Technology Business Management

What is Technology Business Management

TBM is an outcome-based framework that helps organizations realize value out of their technology investments. TBM bridges the gap between Business, Finance, and Technology regardless where it sits across the business stack. It provides higher cost visibility, structured planning, and optimization methods of your technology investments. The TBM framework includes people, process, technology, and data required to manage these technology investments and drive value conversations. It defines a business model and a decision-making framework. TBM employs a powerful standard taxonomy that is easy to understand across the various stakeholders.

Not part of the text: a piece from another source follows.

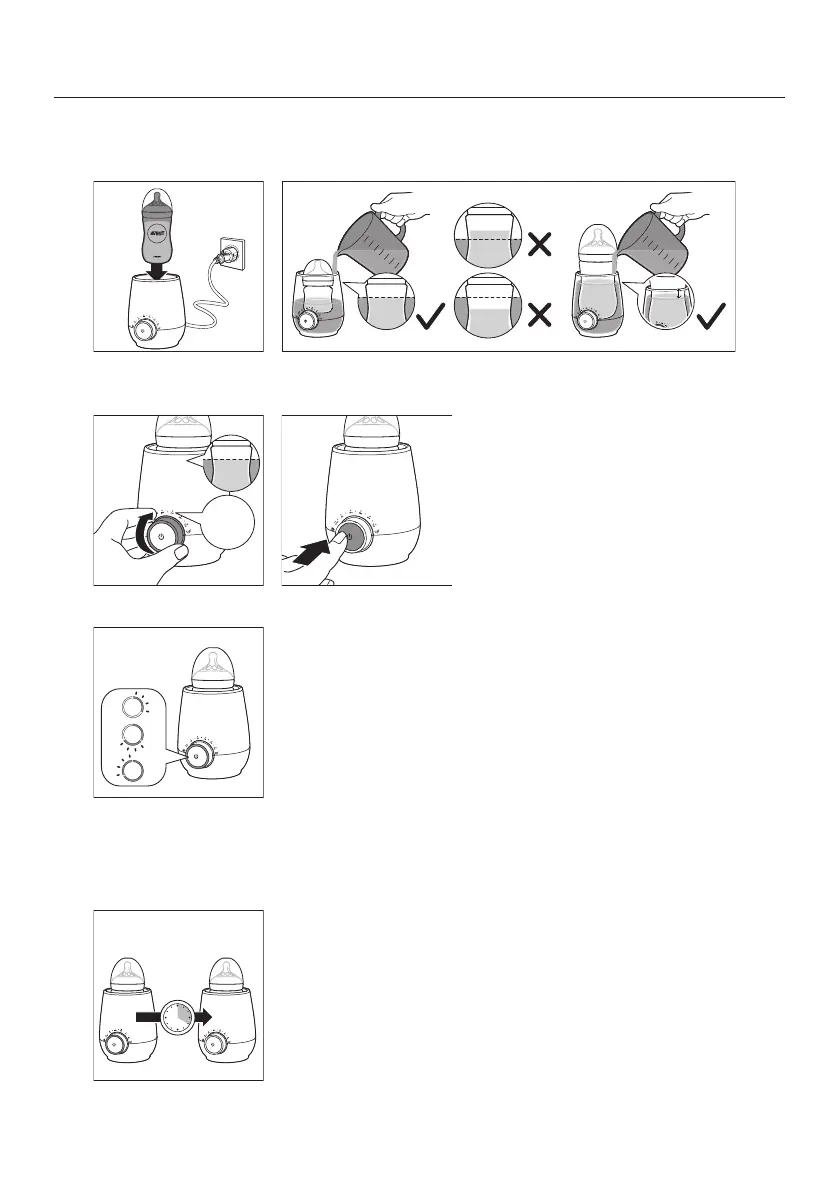 Place the bottle in the bottle warmer� Fill with drinking water to the level of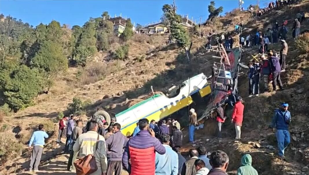 सिरमौर: हिमाचल प्रदेश (Himachal Pradesh) के सिरमौर (Sirmaur) जिले के हरिपुरधार के पास शुक्रवार दोपहर एक बस गहरी खाई में गिर गई, जिसमें सवार 12 लोगों की मौत हो गई और कई अन्य घायल हो गए। खबरों के अनुसार, जीत कोच द्वारा संचालित यह निजी बस कुपवी से शिमला जा रही थी। यह हादसा तब हुआ जब हरिपुरधार बाजार से शिमला की ओर 100 से 200 मीटर की दूरी पर बस चालक ने अचानक नियंत्रण खो दिया, जिससे बस सड़क से फिसलकर गहरी खाई में गिर गई। पुलिस ने बताया कि इस हादसे में नौ लोगों की मौत की पुष्टि हुई है।

The bottom part of the TBM layout represents the financial view of your technology spend broken down by the traditional categories such as Software, Hardware, Labor, etc and the functional groupings such as Infrastructure (Data Center, Compute, etc), Application, Delivery, and IT Management. This all represents an asset-based operating model that is good enough to provide basic understanding of IT cost visibility internally but does not provide enough value conversation with the majority of IT and business stakeholders.
 
 
 
 
 

Moving to the service and consumption-based level entails defining a service-based operating model where every IT solution delivered is viewed as a service. This ensures defining and costing out every service end-to-end including direct and indirect (internally allocated) costs. Imagine being able to report on your Infrastructure-as-a-Service (IaaS) cost end-to-end. What makes this view powerful when consumption (operational) data is coupled with financial data to produce unit costs. For example, the monthly cost of your vCPU or GB of storage. This will drive a different level of value conversation with other service/app owners as they will be aware of what their total cost of ownership .

The top part of the TBM framework is what typically Businesses consume and interact with on-going basis. This is what shifts the conversation to the next level of services, products, and business capabilities they understand. When expressing the IT cost and budget in those terms, the value conversation and cost/budget optimization changes from “why it costs us what it costs” to “show us the financial impact of our growth or shrinking” or “show us how we can optimize based on our demand”.